PROBLEM STATEMENT
Set down the records that follow exactly, every line of them.

INPUT

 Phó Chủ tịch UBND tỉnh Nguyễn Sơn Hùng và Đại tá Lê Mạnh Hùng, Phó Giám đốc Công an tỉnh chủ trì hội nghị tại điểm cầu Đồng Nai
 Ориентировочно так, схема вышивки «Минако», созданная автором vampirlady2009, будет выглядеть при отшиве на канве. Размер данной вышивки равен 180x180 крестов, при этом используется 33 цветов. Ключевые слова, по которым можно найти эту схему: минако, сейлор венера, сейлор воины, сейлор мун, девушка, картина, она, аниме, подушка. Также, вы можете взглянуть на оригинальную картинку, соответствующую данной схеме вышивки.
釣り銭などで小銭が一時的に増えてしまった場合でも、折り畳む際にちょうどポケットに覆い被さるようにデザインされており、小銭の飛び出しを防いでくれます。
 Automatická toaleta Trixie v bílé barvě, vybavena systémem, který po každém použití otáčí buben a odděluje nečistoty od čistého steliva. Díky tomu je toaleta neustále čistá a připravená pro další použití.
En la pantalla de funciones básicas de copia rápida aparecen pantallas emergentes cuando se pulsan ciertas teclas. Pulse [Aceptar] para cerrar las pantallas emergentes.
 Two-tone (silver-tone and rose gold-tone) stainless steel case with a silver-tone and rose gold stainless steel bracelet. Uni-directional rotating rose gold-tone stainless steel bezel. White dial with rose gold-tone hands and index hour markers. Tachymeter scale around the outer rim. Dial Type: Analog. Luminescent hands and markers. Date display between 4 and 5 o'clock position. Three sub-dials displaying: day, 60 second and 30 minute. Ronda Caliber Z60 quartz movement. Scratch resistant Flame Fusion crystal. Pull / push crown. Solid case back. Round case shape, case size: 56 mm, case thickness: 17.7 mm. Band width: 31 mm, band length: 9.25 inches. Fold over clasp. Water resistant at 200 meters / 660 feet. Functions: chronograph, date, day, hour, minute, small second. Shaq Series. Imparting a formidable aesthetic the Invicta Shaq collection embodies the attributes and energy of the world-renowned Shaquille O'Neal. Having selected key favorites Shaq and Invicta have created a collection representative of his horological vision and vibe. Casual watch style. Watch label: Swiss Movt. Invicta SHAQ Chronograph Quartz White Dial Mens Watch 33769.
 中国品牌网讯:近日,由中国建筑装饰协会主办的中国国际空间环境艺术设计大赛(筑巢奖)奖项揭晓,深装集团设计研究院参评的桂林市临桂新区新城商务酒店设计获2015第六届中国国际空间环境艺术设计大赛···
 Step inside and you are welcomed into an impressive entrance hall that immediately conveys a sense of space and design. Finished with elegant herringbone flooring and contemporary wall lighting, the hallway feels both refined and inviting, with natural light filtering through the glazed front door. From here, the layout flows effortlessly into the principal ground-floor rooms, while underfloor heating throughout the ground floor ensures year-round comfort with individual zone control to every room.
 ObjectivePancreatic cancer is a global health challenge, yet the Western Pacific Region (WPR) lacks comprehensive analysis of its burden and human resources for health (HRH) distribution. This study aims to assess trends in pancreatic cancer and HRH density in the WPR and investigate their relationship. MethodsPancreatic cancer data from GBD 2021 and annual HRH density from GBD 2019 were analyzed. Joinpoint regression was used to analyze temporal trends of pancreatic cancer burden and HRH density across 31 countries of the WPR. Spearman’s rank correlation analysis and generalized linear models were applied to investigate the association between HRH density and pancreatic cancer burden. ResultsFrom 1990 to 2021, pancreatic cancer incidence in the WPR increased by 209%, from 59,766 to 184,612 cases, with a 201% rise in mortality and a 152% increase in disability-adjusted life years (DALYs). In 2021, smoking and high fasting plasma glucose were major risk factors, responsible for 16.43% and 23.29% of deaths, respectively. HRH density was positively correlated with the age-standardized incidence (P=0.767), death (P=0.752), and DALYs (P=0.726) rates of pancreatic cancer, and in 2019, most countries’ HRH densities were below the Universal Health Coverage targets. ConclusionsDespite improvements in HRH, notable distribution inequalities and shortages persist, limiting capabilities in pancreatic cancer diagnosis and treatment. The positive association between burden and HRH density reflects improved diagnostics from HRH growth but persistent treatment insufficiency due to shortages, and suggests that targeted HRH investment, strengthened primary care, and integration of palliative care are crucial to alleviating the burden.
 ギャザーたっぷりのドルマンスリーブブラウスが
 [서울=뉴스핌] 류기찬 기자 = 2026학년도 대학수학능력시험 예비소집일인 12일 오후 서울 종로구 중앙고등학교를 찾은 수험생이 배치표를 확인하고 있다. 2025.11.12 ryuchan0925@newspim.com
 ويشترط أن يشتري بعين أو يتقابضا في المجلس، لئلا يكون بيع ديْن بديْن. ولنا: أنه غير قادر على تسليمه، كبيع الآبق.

RESPONSE TO THE EXERCISE
 Phó Chủ tịch UBND tỉnh Nguyễn Sơn Hùng và Đại tá Lê Mạnh Hùng, Phó Giám đốc Công an tỉnh chủ trì hội nghị tại điểm cầu Đồng Nai
 Ориентировочно так, схема вышивки «Минако», созданная автором vampirlady2009, будет выглядеть при отшиве на канве. Размер данной вышивки равен 180x180 крестов, при этом используется 33 цветов. Ключевые слова, по которым можно найти эту схему: минако, сейлор венера, сейлор воины, сейлор мун, девушка, картина, она, аниме, подушка. Также, вы можете взглянуть на оригинальную картинку, соответствующую данной схеме вышивки.
釣り銭などで小銭が一時的に増えてしまった場合でも、折り畳む際にちょうどポケットに覆い被さるようにデザインされており、小銭の飛び出しを防いでくれます。
 Automatická toaleta Trixie v bílé barvě, vybavena systémem, který po každém použití otáčí buben a odděluje nečistoty od čistého steliva. Díky tomu je toaleta neustále čistá a připravená pro další použití.
En la pantalla de funciones básicas de copia rápida aparecen pantallas emergentes cuando se pulsan ciertas teclas. Pulse [Aceptar] para cerrar las pantallas emergentes.
 Two-tone (silver-tone and rose gold-tone) stainless steel case with a silver-tone and rose gold stainless steel bracelet. Uni-directional rotating rose gold-tone stainless steel bezel. White dial with rose gold-tone hands and index hour markers. Tachymeter scale around the outer rim. Dial Type: Analog. Luminescent hands and markers. Date display between 4 and 5 o'clock position. Three sub-dials displaying: day, 60 second and 30 minute. Ronda Caliber Z60 quartz movement. Scratch resistant Flame Fusion crystal. Pull / push crown. Solid case back. Round case shape, case size: 56 mm, case thickness: 17.7 mm. Band width: 31 mm, band length: 9.25 inches. Fold over clasp. Water resistant at 200 meters / 660 feet. Functions: chronograph, date, day, hour, minute, small second. Shaq Series. Imparting a formidable aesthetic the Invicta Shaq collection embodies the attributes and energy of the world-renowned Shaquille O'Neal. Having selected key favorites Shaq and Invicta have created a collection representative of his horological vision and vibe. Casual watch style. Watch label: Swiss Movt. Invicta SHAQ Chronograph Quartz White Dial Mens Watch 33769.
 中国品牌网讯:近日,由中国建筑装饰协会主办的中国国际空间环境艺术设计大赛(筑巢奖)奖项揭晓,深装集团设计研究院参评的桂林市临桂新区新城商务酒店设计获2015第六届中国国际空间环境艺术设计大赛···
 Step inside and you are welcomed into an impressive entrance hall that immediately conveys a sense of space and design. Finished with elegant herringbone flooring and contemporary wall lighting, the hallway feels both refined and inviting, with natural light filtering through the glazed front door. From here, the layout flows effortlessly into the principal ground-floor rooms, while underfloor heating throughout the ground floor ensures year-round comfort with individual zone control to every room.
 ObjectivePancreatic cancer is a global health challenge, yet the Western Pacific Region (WPR) lacks comprehensive analysis of its burden and human resources for health (HRH) distribution. This study aims to assess trends in pancreatic cancer and HRH density in the WPR and investigate their relationship. MethodsPancreatic cancer data from GBD 2021 and annual HRH density from GBD 2019 were analyzed. Joinpoint regression was used to analyze temporal trends of pancreatic cancer burden and HRH density across 31 countries of the WPR. Spearman’s rank correlation analysis and generalized linear models were applied to investigate the association between HRH density and pancreatic cancer burden. ResultsFrom 1990 to 2021, pancreatic cancer incidence in the WPR increased by 209%, from 59,766 to 184,612 cases, with a 201% rise in mortality and a 152% increase in disability-adjusted life years (DALYs). In 2021, smoking and high fasting plasma glucose were major risk factors, responsible for 16.43% and 23.29% of deaths, respectively. HRH density was positively correlated with the age-standardized incidence (P=0.767), death (P=0.752), and DALYs (P=0.726) rates of pancreatic cancer, and in 2019, most countries’ HRH densities were below the Universal Health Coverage targets. ConclusionsDespite improvements in HRH, notable distribution inequalities and shortages persist, limiting capabilities in pancreatic cancer diagnosis and treatment. The positive association between burden and HRH density reflects improved diagnostics from HRH growth but persistent treatment insufficiency due to shortages, and suggests that targeted HRH investment, strengthened primary care, and integration of palliative care are crucial to alleviating the burden.
 ギャザーたっぷりのドルマンスリーブブラウスが
 [서울=뉴스핌] 류기찬 기자 = 2026학년도 대학수학능력시험 예비소집일인 12일 오후 서울 종로구 중앙고등학교를 찾은 수험생이 배치표를 확인하고 있다. 2025.11.12 ryuchan0925@newspim.com
 ويشترط أن يشتري بعين أو يتقابضا في المجلس، لئلا يكون بيع ديْن بديْن. ولنا: أنه غير قادر على تسليمه، كبيع الآبق.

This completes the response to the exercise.